This task calls for the lines below starting at the one containing "Основным критерием приоритетности" and ending at the one containing "A photo of a", repeated exactly with both ends kept and pictures left out.

━━━━━━━━━━━━━━━━

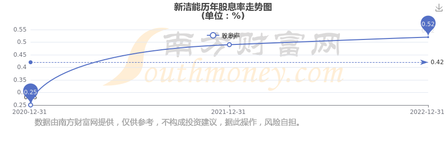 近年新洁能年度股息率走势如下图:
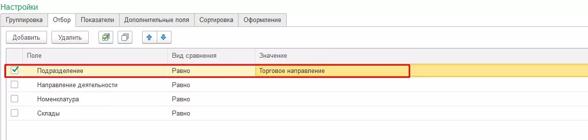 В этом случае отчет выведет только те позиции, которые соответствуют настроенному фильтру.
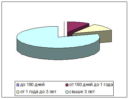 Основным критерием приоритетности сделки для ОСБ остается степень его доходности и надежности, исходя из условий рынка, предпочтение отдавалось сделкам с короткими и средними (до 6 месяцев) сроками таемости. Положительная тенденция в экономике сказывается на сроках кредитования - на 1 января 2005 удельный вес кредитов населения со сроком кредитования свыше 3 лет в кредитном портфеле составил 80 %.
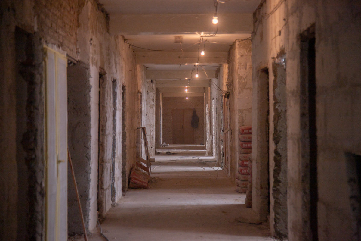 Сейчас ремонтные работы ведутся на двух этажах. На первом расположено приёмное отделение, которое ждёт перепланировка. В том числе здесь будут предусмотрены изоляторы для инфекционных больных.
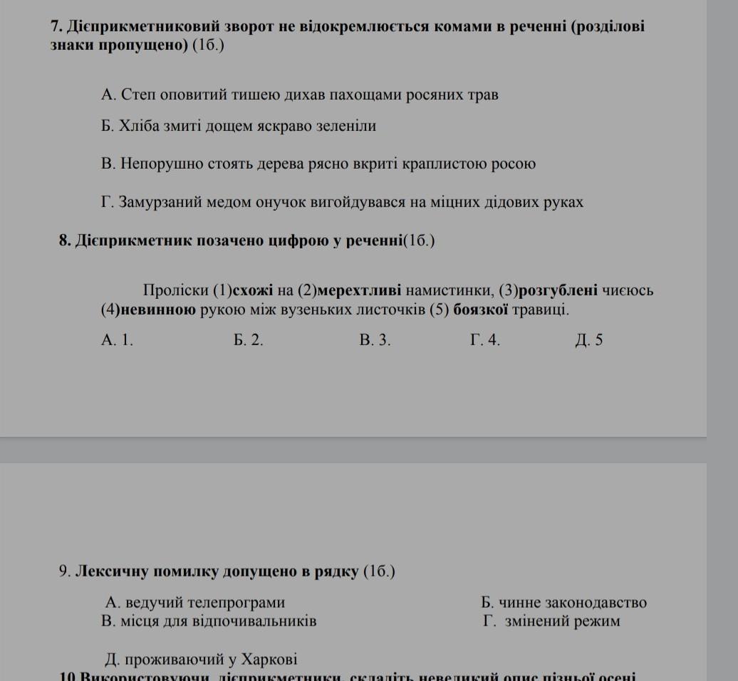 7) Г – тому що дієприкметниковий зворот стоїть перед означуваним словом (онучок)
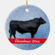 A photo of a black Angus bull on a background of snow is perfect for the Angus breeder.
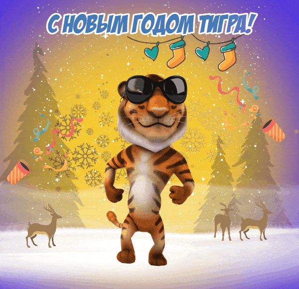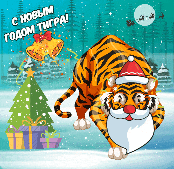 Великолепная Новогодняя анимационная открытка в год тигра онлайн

━━━━━━━━━━━━━━━━

◆ Exercise response
 Основным критерием приоритетности сделки для ОСБ остается степень его доходности и надежности, исходя из условий рынка, предпочтение отдавалось сделкам с короткими и средними (до 6 месяцев) сроками таемости. Положительная тенденция в экономике сказывается на сроках кредитования - на 1 января 2005 удельный вес кредитов населения со сроком кредитования свыше 3 лет в кредитном портфеле составил 80 %.
 Сейчас ремонтные работы ведутся на двух этажах. На первом расположено приёмное отделение, которое ждёт перепланировка. В том числе здесь будут предусмотрены изоляторы для инфекционных больных.
 7) Г – тому що дієприкметниковий зворот стоїть перед означуваним словом (онучок)
 A photo of a black Angus bull on a background of snow is perfect for the Angus breeder.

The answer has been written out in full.